• Aucun résultat trouvé

Le numérique : un substitut aux normes traditionnelles ?

Chapitre II : Le nouveau rapport du lecteur au livre

B) Le numérique : un substitut aux normes traditionnelles ?

La révolution numérique et l’avènement des nouvelles technologies sont des événements relativement récents, en ce sens, nous ne pouvons pas réellement dire qu’il y ait un vrai processus d’apprentissage, la révolution étant tellement nouvelle. Ainsi ces derniers ne peuvent se substituer aux normes traditionnelles de lecture. C’est d’ailleurs ce que nous explique Roger Chartier dans son ouvrage, pour lui, il n’y a pas d’apprentissage du numérique par transmission car les générations qui ont précédé n’ont pas connu et donc pas reçu cet apprentissage :

« Les membres de ces communautés, si tant est qu’on puisse les

repérer, imitent, parce qu’ils ont bénéficié d’un apprentissage, le comportement de la génération précédente, parents ou parents d’élection. Ce qui est radicalement nouveau avec la révolution électronique qu’on vit maintenant, c’est qu’il n’y a pas de processus d’apprentissage transmissible de notre génération à la génération des nouveaux lecteurs176. »

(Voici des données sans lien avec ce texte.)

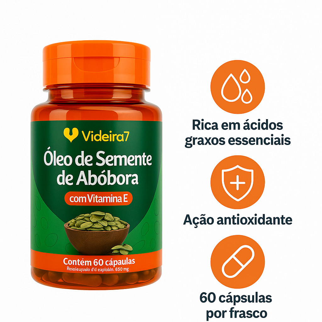 Sobre o produto: O óleo de semente de abóbora contém antioxidantes que atuam contra radicais livres,. Assim, prevenindo o envelhecimento precoce das células e a formação de rugas e manchas na pele. Por fim, promovendo a hidratação e a maciez da mesma. As vitaminas A, C e E auxiliam também na limpeza da pele. Recomendação de Uso: Consumir 02 cápsula por dia Ingredientes: Óleo de semente de abóbora e vitamina E (acetato de DL alfa tocoferol). Composição da cápsula: água purificada, gelificante gelatina bovina INS 428 e umectante glicerina INS 422. NÃO CONTÉM GLÚTEN. Sobre o envio: A PRONTA ENTREGA- ENVIO EM ATÉ 24 HORAS ÚTEIS! DÚVIDAS DE SEMPRE: 1) E se meu produto não chegar? TODOS OS PACOTES SEGUEM COM O PROTOCOLO DE RASTREIO E VOCÊ PODE CONSULTAR DIARIAMENTE PARA VER ONDE ELE ESTA, CASO OCORRA ALGUM SINISTRO A MERCADORIA ESTÁ ASSEGURADA PELO SISTEMA DO MARKETPLACE E VOCÊ RECEBE SEU DINHEIRO DE VOLTA. 2) Qual a validade? VOCÊ IRÁ ENCONTRAR A VALIDADE ASSIM COMO O NÚMERO DO LOTE NA PARTE SUPERIOR DA EMBALAGEM. TRABALHAMOS APENAS COM PRODUTOS FRESCOS, DESSA FORMA VOCÊ RECEBERÁ O PRODUTO COM UMA VALIDADE EXTENSA. DEPENDENDO DO PRODUTO, DE ATÉ 2 ANOS. Ficou com alguma dúvida? Entre em contato com a gente!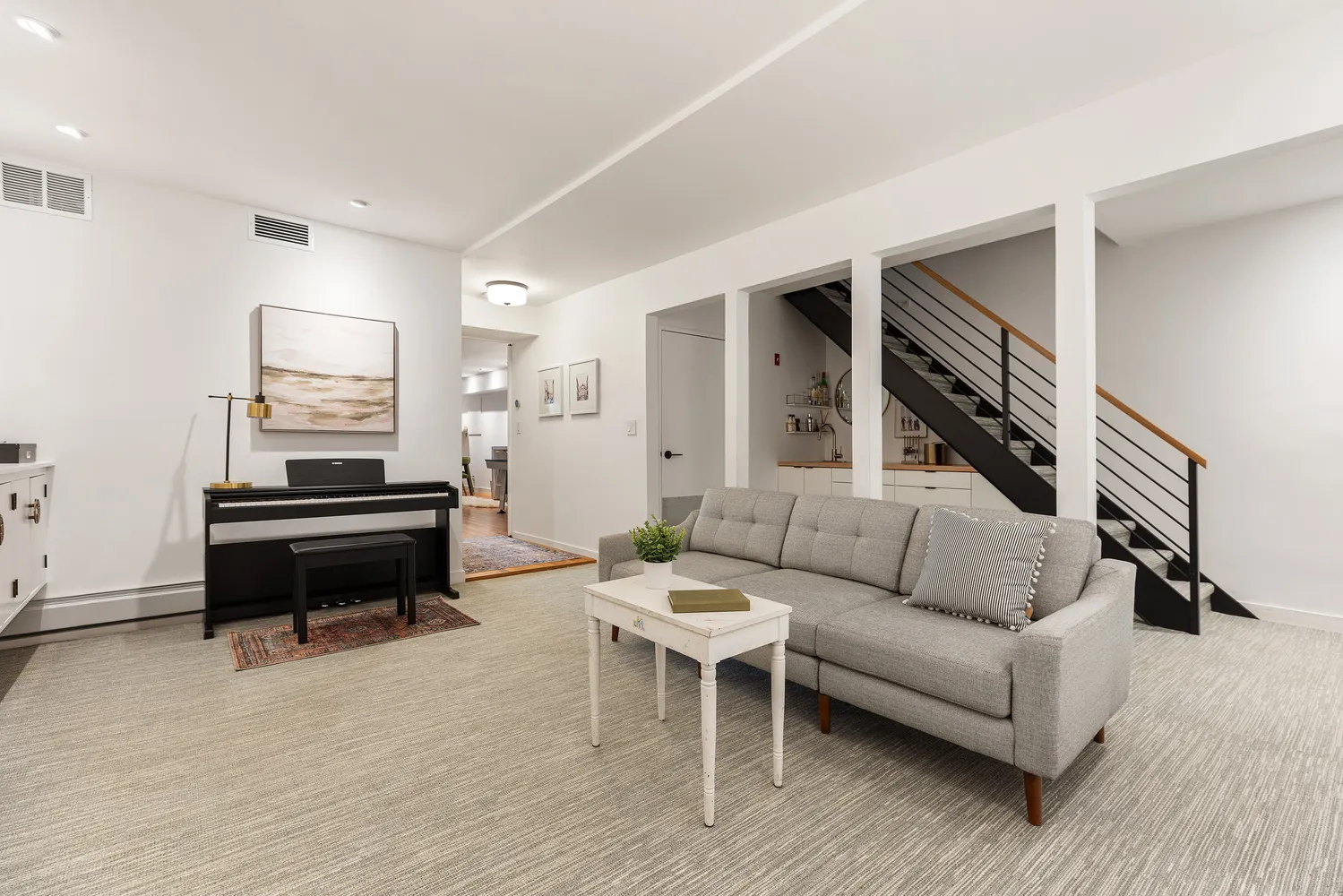 The garden level offers a versatile space with a custom-designed playroom/den, wet bar, full bathroom, and spacious family room with a custom entertainment center and direct access to the tranquil garden. The low-maintenance garden features a cherry blossom tree, Japanese maple, and blue stone framing, perfect for entertaining or relaxing outdoors.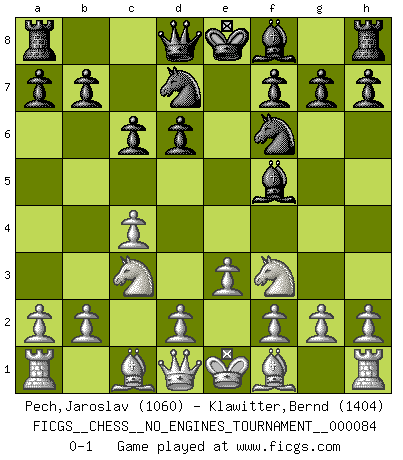 Last move : 0-1 2016 June 19 11:20:3 [Event "FICGS__CHESS__NO_ENGINES_TOURNAMENT__000084"] [Site "FICGS"] [Date "2016.02.21"] [Round "1"] [White "Pech,Jaroslav"] [Black "Klawitter,Bernd"] [Result "0-1"] [WhiteElo "1060"] [BlackElo "1404"] 1.c4 e5 2.Nc3 Nf6 3.Nf3 c6 4.Nxe5 d6 5.Nf3 Bf5 6.e3 Nbd7 0-1 This chess game has been lost on time (started : 2016.02.21 22:57:44) English Opening Player Black won this chess game. Follow this game move after move (download)There are two types of sacrifices: correct ones and mine. (Mikhail Tal) Im Reiche der Wirklichkeit ist man nie so glücklich wie im Reiche der Gedanken. (Arthur Schopenhauer) ¿Se han dado cuenta de que Fischer casi nunca ha tenido piezas malas? El las intercambia y las piezas malas se quedan con sus oponenets. (Yuri Balashov) Je menace de comprendre la position. (Anonyme) Nothing is more important for teaching us to understand the concepts we have than constructing fictitious ones. (Ludwig Wittgenstein)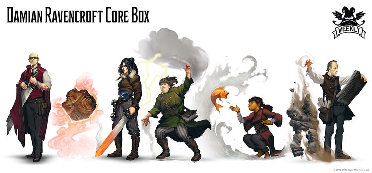 L->R: Damian Ravencroft, the Puzzle Box, Bellaventine Thorpe, and three Dabblers. Credit: Wyrd GamesDamian Ravencroft always loved puzzles. One of the most enduring mysteries he encountered in a long career was Sonnia Criid's Yellow Crypt: how did she transform rogue mages into mindless, magic-devouring Witchings? Damian, committed to freedom of inquiry for those of a magical persuasion, decided to find out. He undertook the most dangerous gambit of all: allowing himself to be captured and reduced to Witchling form, he stored his memories and intellect in a puzzle box.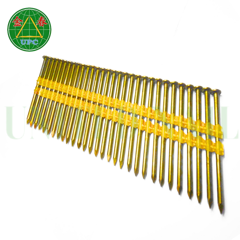 3" Yellow Coated Plastic Collated Nails with Smooth/Screw Shank & Round Head for Framing Projects with Factory Prices
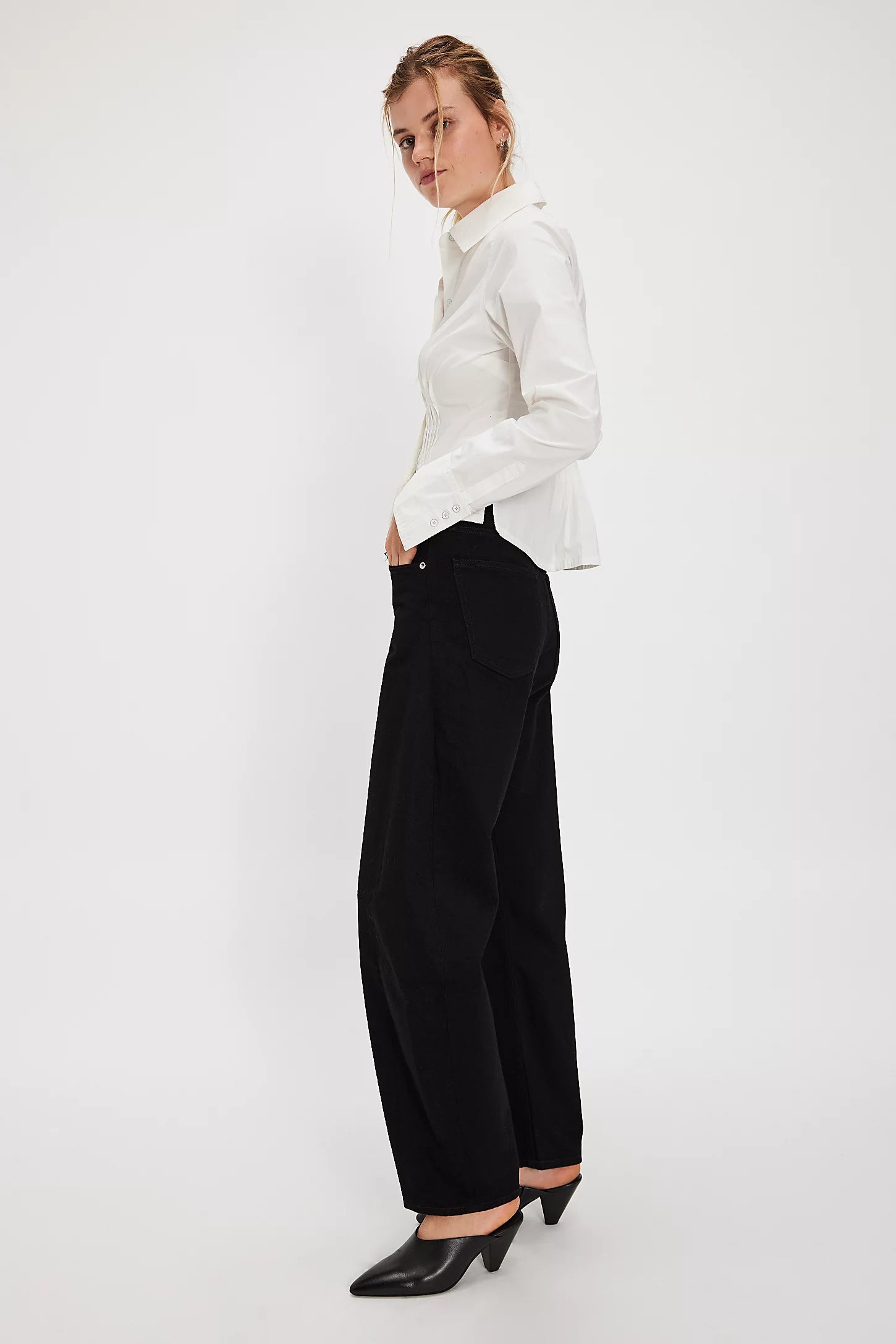Structured to perfection. The Luna is designed with a waist-accentuating high-rise and a full-length relaxed leg. The pieced insert detailing at the outseam creates a bowed leg silhouette, ideal for taking your everyday denim to the next level.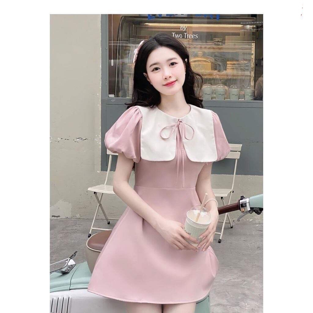 Váy thuỷ thủ tiểu thư Hàn Quốc Tone hồng paster cực sịnnnnn Diện ở nhà, đi chơi, tiệc tùng , du lịch cực sang chảnh Chất kaki 2 da, tay 2’lớp phồng ( ảnh thật trải sàn) 🍓 2size SM sz S 40-46 Sz M 47-52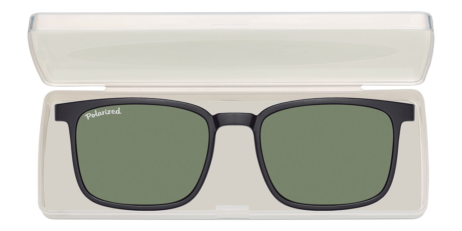 Clip-on with magnetic mounting and polarized sun lenses, suitable for frame MC97C, including hard case. Frame and clip-on can be ordered separately.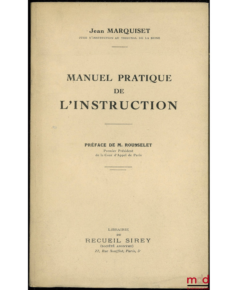 Quick view Add to cart Add to wishlist Add to compare Droit moderne (XX-XXIe siècles) MARQUISET (Jean) MANUEL PRATIQUE DE L’INSTRUCTION, Préface de M. ROUSSELET Price MANUEL PRATIQUE DE L’INSTRUCTION, Préface de M. ROUSSELET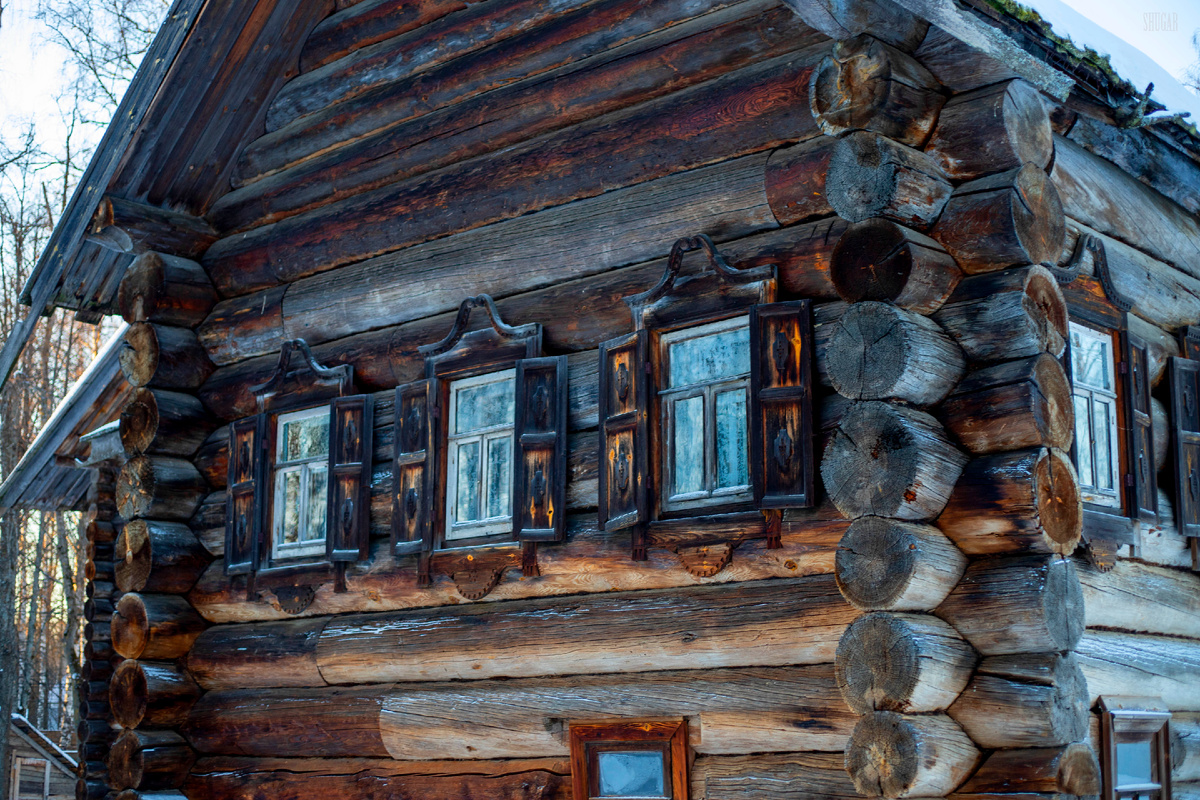 Дом старовера Скобёлкина. Возможно, это самый старый деревянный дом на Верхней Волге, отмечается в описании к нему. Конец XVIII - начало XIX века. Массивные сосновые брёвна - до 60 см в диаметре. Внизу - мастерская хозяина, наверху - жилые комнаты, слева, вплотную к избе - хозяйственные постройки. Впечатление он производит, конечно, мощное.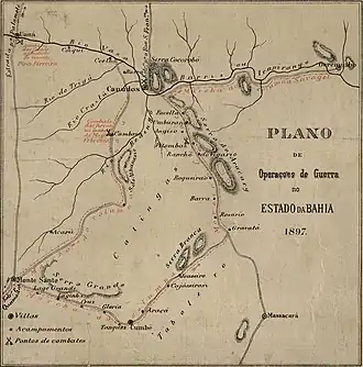 ![]() Map of the location of the fighting. The northern part is now flooded by the Cocorobó Dam | |
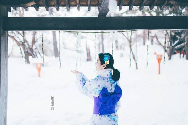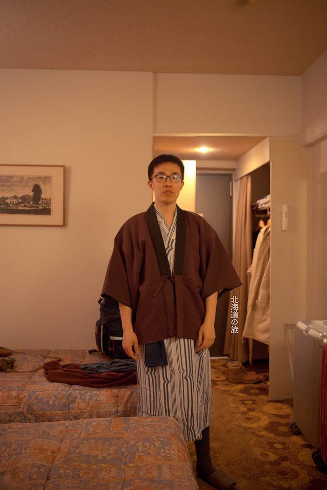 出发的时候已经把和服穿在我的外套里面了,到了一脱,哇我~

Il n’y a donc pas véritablement de processus d’apprentissage par le numérique, c’est donc ce que nous tenterons de démontrer tout au long de cette partie

• Un renouveau littéraire

Le support numérique donne une nouvelle vision du texte littéraire à travers la lecture permettant de moderniser dans sa globalité l’objet qu’est le livre et en particulier le livre papier.

Ce nouveau support est dû à Internet et à ses nouvelles technologies, ces derniers donnent une ouverture sur le monde littéraire que l’on ne retrouve pas dans la culture papier. Ainsi, c’est donc pour cela que nous pouvons parler de renouveau littéraire, car par le biais de ces nouveaux supports, la lecture se fait de plus en plus par une forme d’interactivité des lecteurs entre eux, la sphère numérique permet un partage d’informations, un panel de textes en tout genre, nous pouvons donc parler d’une nouvelle pratique qui permet une sociabilité entre lecteurs sur la sphère numérique.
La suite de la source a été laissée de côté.